# WHAT YOU NEED TO DO
Below is a listing with pictures in it. Copy it exactly without them.

# GIVEN MATERIAL

-=-=-=-=-

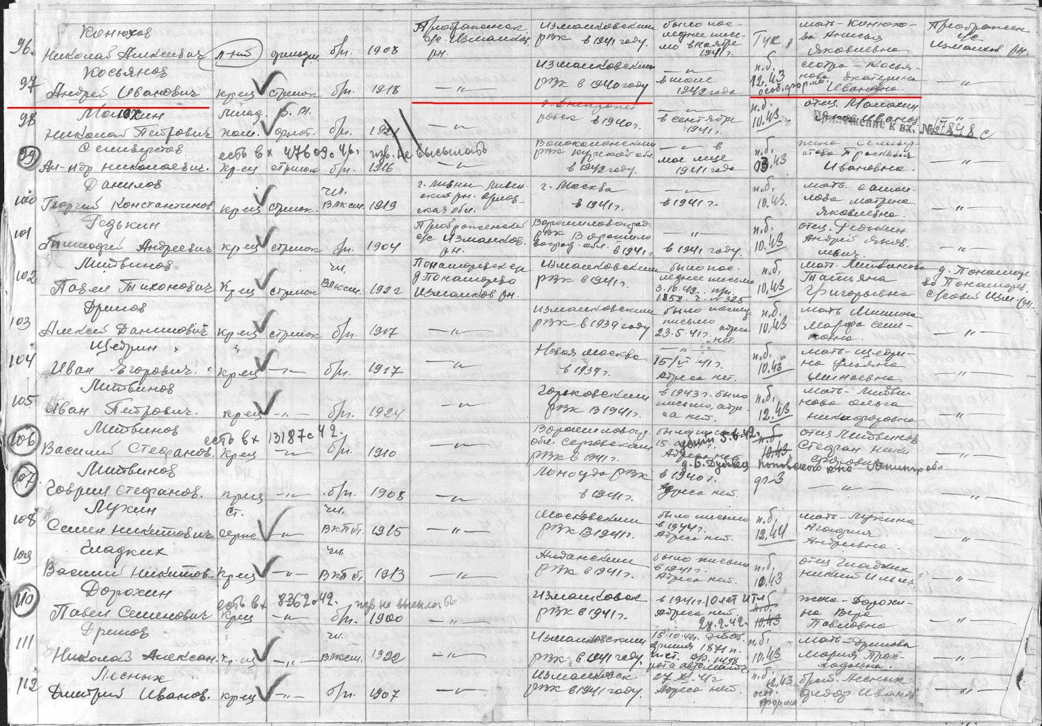 А есть такой еще вопрос у нас был второй дед который воевал и вернулся с войны Касьянов Федор Иванович 1905-1987 (брат Андрея) возможно как нибудь о нем тоже данные накопать?? и наградные листы или как правильно называется о его наградах ( у него есть орден вов 2-й степени, медаль за кенексберг, за японию, варшаву. О его военных подвигах родня уже тоже не вспомнит и времени много прошло те кто мог что трассказать уже умерли. Запрос в Липицкий военкомат делали ток там тишина...из за этого и в Цамо запрос нельзя отправить так как нет данных
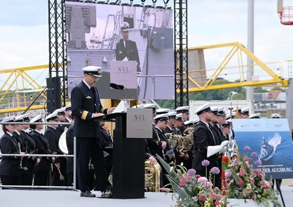The "Augsburg" is the fourth of a total of five units in the second lot, which is being built by the K130 consortium - consisting of NVL Group, thyssenkrupp Marine Systems and German Naval Yards Kiel. Following the christening, the ship will undergo final outfitting and commissioning in Hamburg and will undergo all the necessary functional tests and approvals in close coordination with the public client and the German Navy.
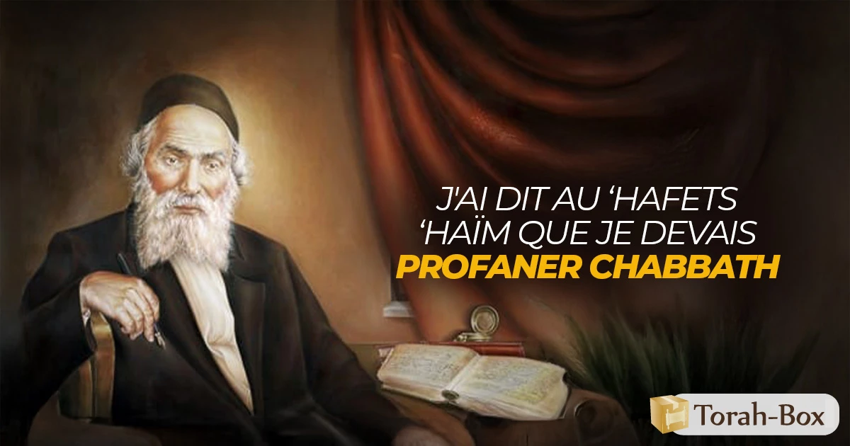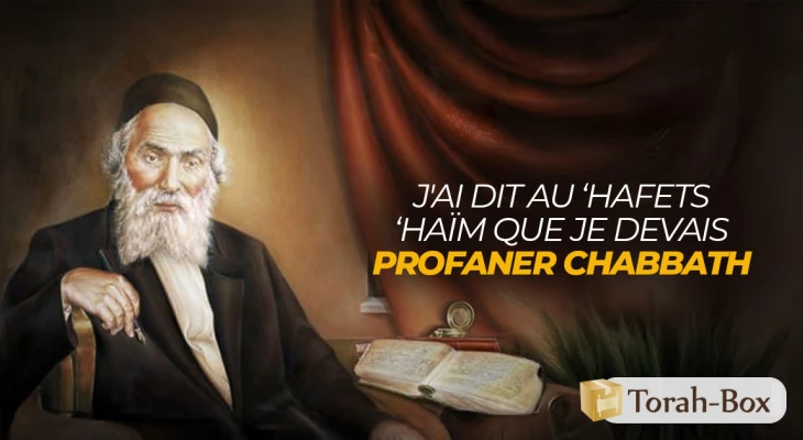 « J’ai malheureusement entendu des cas de Juifs qui le transgressent, et j’en ai rencontré plusieurs personnellement », relata le ‘Hafets ‘Haïm dont les larmes continuaient à inonder ses joues, « mais ton cas est plus complexe. Comprends-moi, j’ai été un bon ami de ton père, que son souvenir soit béni, et j’ai même participé à ta Brit-Mila. Je suis déjà âgé, il ne me reste plus beaucoup d’années à vivre dans ce monde-ci. Le jour s’approche où je rendrai l’âme à mon Créateur. J’arriverai au Ciel, et rencontrerai certainement ton père. Il me demandera : "Que se passe-t-il dans le monde ici-bas ? Comment va mon fils ?" Que pourrais-je lui répondre ? Je raconterais à mon ami proche que son fils profane le Chabbath ? Comment pourrais-je… C’est la raison de mes pleurs. »
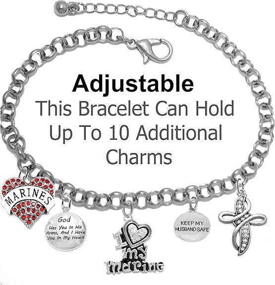 • Marine, My Husband, God Has You In His Arms And I Have You In My Heart, Adjustable, Hypoallergenic Safe, No Nickel, Lead, Or Poisonous Cadmium In Bracelet

-=-=-=-=-

# REPLY TO THE TASK
 А есть такой еще вопрос у нас был второй дед который воевал и вернулся с войны Касьянов Федор Иванович 1905-1987 (брат Андрея) возможно как нибудь о нем тоже данные накопать?? и наградные листы или как правильно называется о его наградах ( у него есть орден вов 2-й степени, медаль за кенексберг, за японию, варшаву. О его военных подвигах родня уже тоже не вспомнит и времени много прошло те кто мог что трассказать уже умерли. Запрос в Липицкий военкомат делали ток там тишина...из за этого и в Цамо запрос нельзя отправить так как нет данных
The "Augsburg" is the fourth of a total of five units in the second lot, which is being built by the K130 consortium - consisting of NVL Group, thyssenkrupp Marine Systems and German Naval Yards Kiel. Following the christening, the ship will undergo final outfitting and commissioning in Hamburg and will undergo all the necessary functional tests and approvals in close coordination with the public client and the German Navy.
 « J’ai malheureusement entendu des cas de Juifs qui le transgressent, et j’en ai rencontré plusieurs personnellement », relata le ‘Hafets ‘Haïm dont les larmes continuaient à inonder ses joues, « mais ton cas est plus complexe. Comprends-moi, j’ai été un bon ami de ton père, que son souvenir soit béni, et j’ai même participé à ta Brit-Mila. Je suis déjà âgé, il ne me reste plus beaucoup d’années à vivre dans ce monde-ci. Le jour s’approche où je rendrai l’âme à mon Créateur. J’arriverai au Ciel, et rencontrerai certainement ton père. Il me demandera : "Que se passe-t-il dans le monde ici-bas ? Comment va mon fils ?" Que pourrais-je lui répondre ? Je raconterais à mon ami proche que son fils profane le Chabbath ? Comment pourrais-je… C’est la raison de mes pleurs. »
 • Marine, My Husband, God Has You In His Arms And I Have You In My Heart, Adjustable, Hypoallergenic Safe, No Nickel, Lead, Or Poisonous Cadmium In Bracelet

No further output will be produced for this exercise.